Alma S., a fifteen-year-old from a rural community north of San Salvador, planted sugarcane in December 2002 and January 2003.  “An hacienda close to here came looking for women to go plant,” she told Human Rights Watch.  “We took the crude cane, and the machine would come along, a tractor, making rows for the cane.  We planted the cane in the rows behind it. . . .  The machine doesn’t stop, and one has to go along quickly.  At the beginning we planted five manzanas in a day, and later it was four manzanas.”  (A manzana is an area equal to 7,000 square meters, about the size of a soccer field.)

The workers ranged in age from nine to sixty years old, Alma said.  They worked from 5:30 a.m. until about 11 a.m.  To get to work, Alma walked an hour and a half, leaving her house between 3:30 and 4 a.m.  “The first few days felt hard, but then one became accustomed to it,” she said.  “I had huge blisters and scars on my hands, especially on my palms, the first day.”1  Sugarcane leaves are covered with a substance that is a skin irritant.

While Alma and her coworkers were planting, other workers, including children as young as eight, cut sugarcane on fields that had been planted the previous year.  Carlos T., an eleven-year-old in Sonsonate, described the work he did during the harvest.  “I grab the cane, cut it; grab it, cut it.  I use a chumpa,” a small knife.  He began cutting cane when he was nine.  “Last year was the second year I worked,” he said.  “I would leave the house at 5 a.m.”  The fields were spread out over a large area.  “When it was far away, we would go by bus; when it was close, we would walk.  If we only had one tarea, we would finish early.  We could do three.”  Literally “work” or “job,” a tarea in the sugarcane harvest is an area of land that contains approximately two tons of sugarcane.

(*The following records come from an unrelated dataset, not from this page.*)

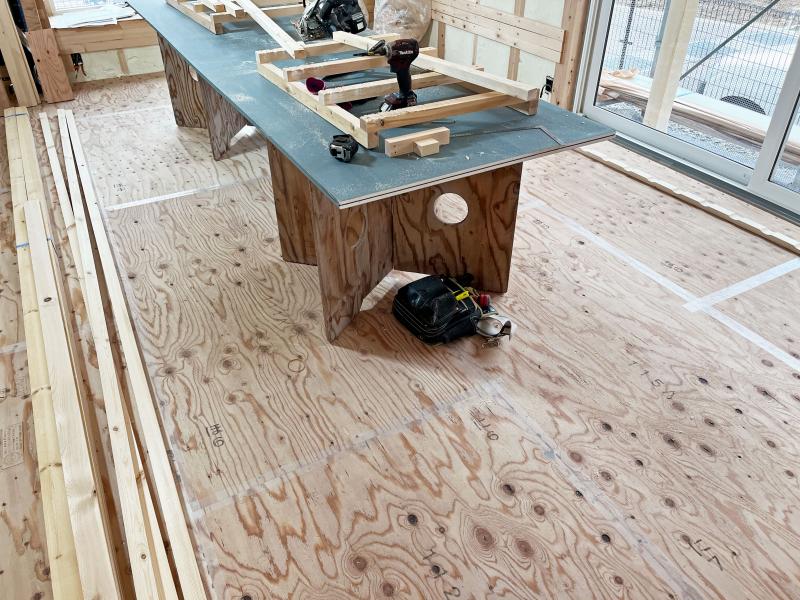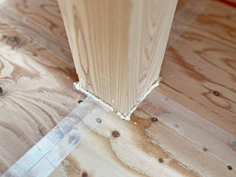 床の合板の取り合いにテープを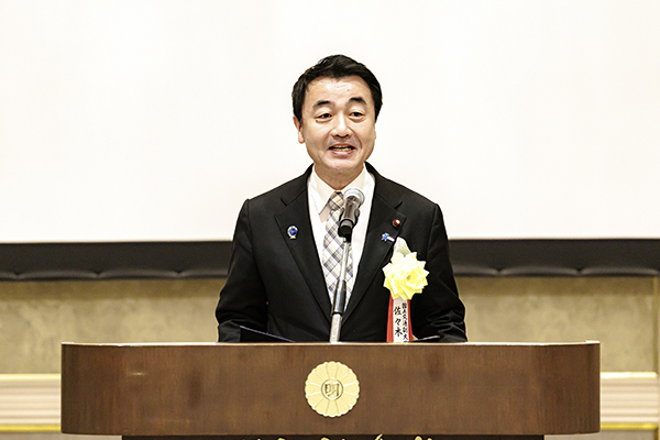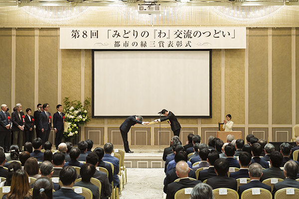 佐々木副大臣は、「緑の都市賞」、「緑の環境プラン大賞」、「緑化技術コンクール」の各受賞者に対し、「緑による都市環境の改善や景観の向上などに日々取り組んでいただいていることに深く敬意を表する。」と祝辞を述べました。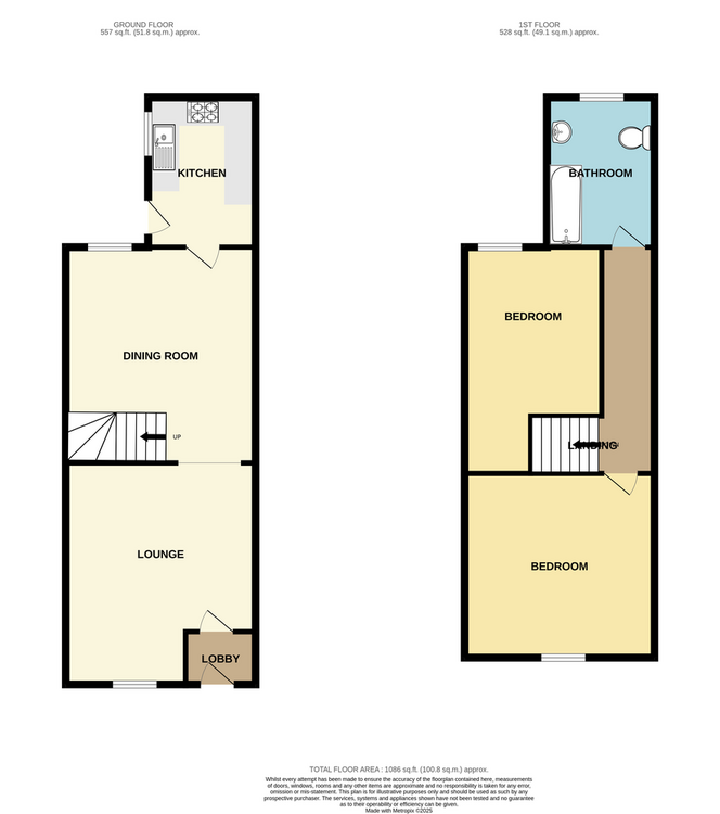The property offers 2 reception rooms, kitchen, 2 bedrooms and first floor bathroom. Benefitting from gas central heating and UPVC double glazing.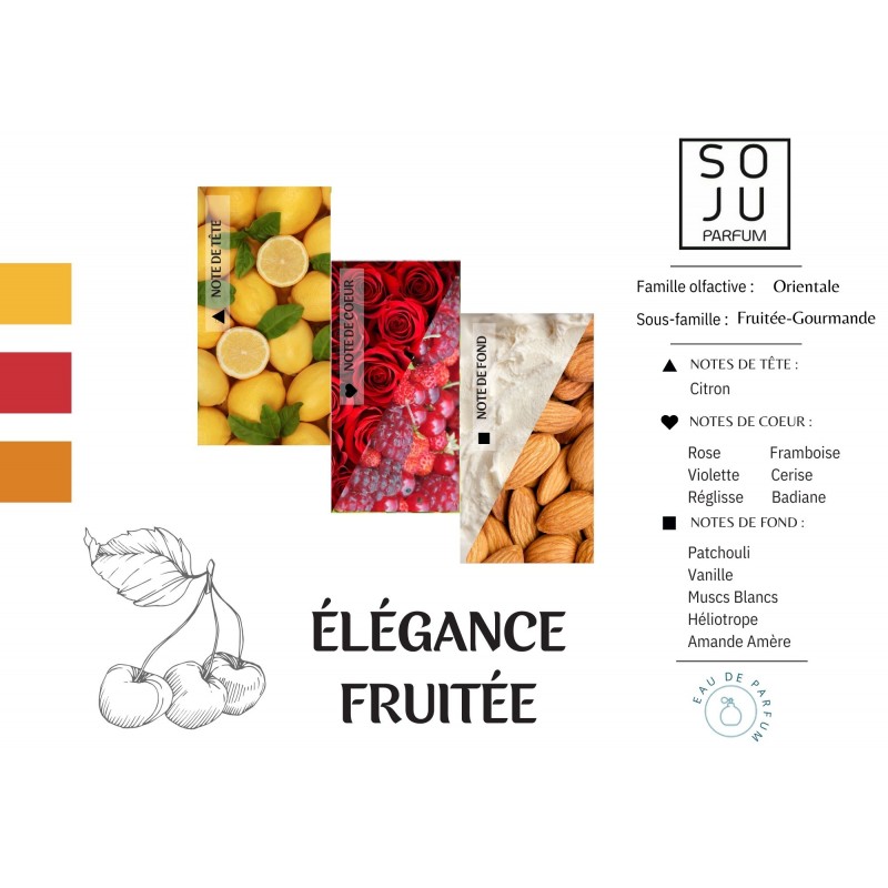 Elégance Fruitée est chic et terriblement glamour avec ses notes de Cerise, de Fruits Rouges, de Réglisse, d’Amande amère et de Patchouli.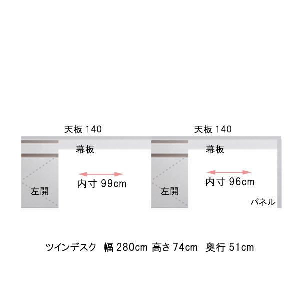 ツインデスク 幅280 奥行51 高さ74cm ブラウンBR ホワイトWH PCデスク 机 PC机 パソコンデスク パソコン机 日本製 国産 オフィステーブル オフィス机 オフィスデスク つくえ ツクエ 北欧 モダン 書斎机 書斎用 事務所 会議室 送料無料【QSM-50K】【2D】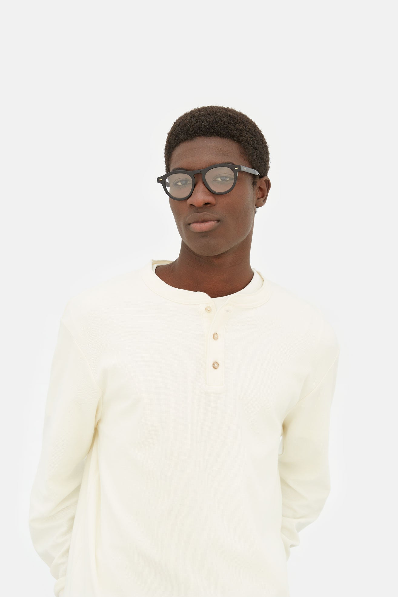 Numero 102 es una silueta redondeada, juguetona y desenfadada, diseñada para llevarla todo el día, todos los días. Se caracteriza por su diseño de puente nasal más alto y cómodo y por los robustos aros de acetato característicos de RSF. Esta forma es una versión ligeramente más grande de los modelos redondos conocidos: una reinterpretación de las monturas clásicas más ajustadas. Para potenciar su carácter, Numero 102 se ha equipado con sofisticadas tachuelas metálicas geométricas y patillas lineales. Esta versión se presenta en acetato negro.

Carlos worked with his father.  As far as the owners of the plantations are concerned, he and many of the other children who cut cane are “helpers,” not employees.  “They didn’t pay me; they paid my father,” he told us.  “There are many children working with their fathers.”2  Characterizing the youngest children as “helpers” is convenient for employers—the minimum working age is fourteen in El Salvador, and both the labor code and international law forbid the employment of any child under eighteen in harmful or hazardous labor.  We asked seventeen-year-old Moises B. if the foremen know the ages of their workers.  “When people share the tarea they give you, then, yes, they know,” he said, telling us that plantation foremen know that some workers are under the legal working age.  “Age doesn’t matter to them.  What matters is the work that a person can do.”3

Cutting cane is backbreaking  work, and accidents are common.  “There’s a high level of risk in sugar,” said Benjamin Smith, principal technical advisor with the International Labour Organization (ILO) in El Salvador, noting that sugarcane workers labor in direct sunlight and use machetes and other sharp tools.  In addition, because cane is often burned before it is cut to clear away leaves, workers risk smoke inhalation and sometimes suffer burns on their feet.4  Speaking on the condition of anonymity, a former labor inspector told Human Rights Watch that of all forms of agricultural work, sugarcane is the most hazardous.  “Sugarcane has the most risks,” he said.  “It’s indisputable—sugarcane is the most dangerous.”5

As this report documents, children’s health and safety are not guaranteed in sugarcane cultivation, and plantation foremen turn a blind eye to the fact that children as young as eight cut cane.  Even though many businesses that use Salvadoran sugar do not condone or permit child labor in their own or their direct suppliers’ operations, the use of child labor is rampant in planting and harvesting sugarcane, meaning that El Salvador’s sugar mills and the businesses that purchase Salvadoran sugar use the product of hazardous child labor.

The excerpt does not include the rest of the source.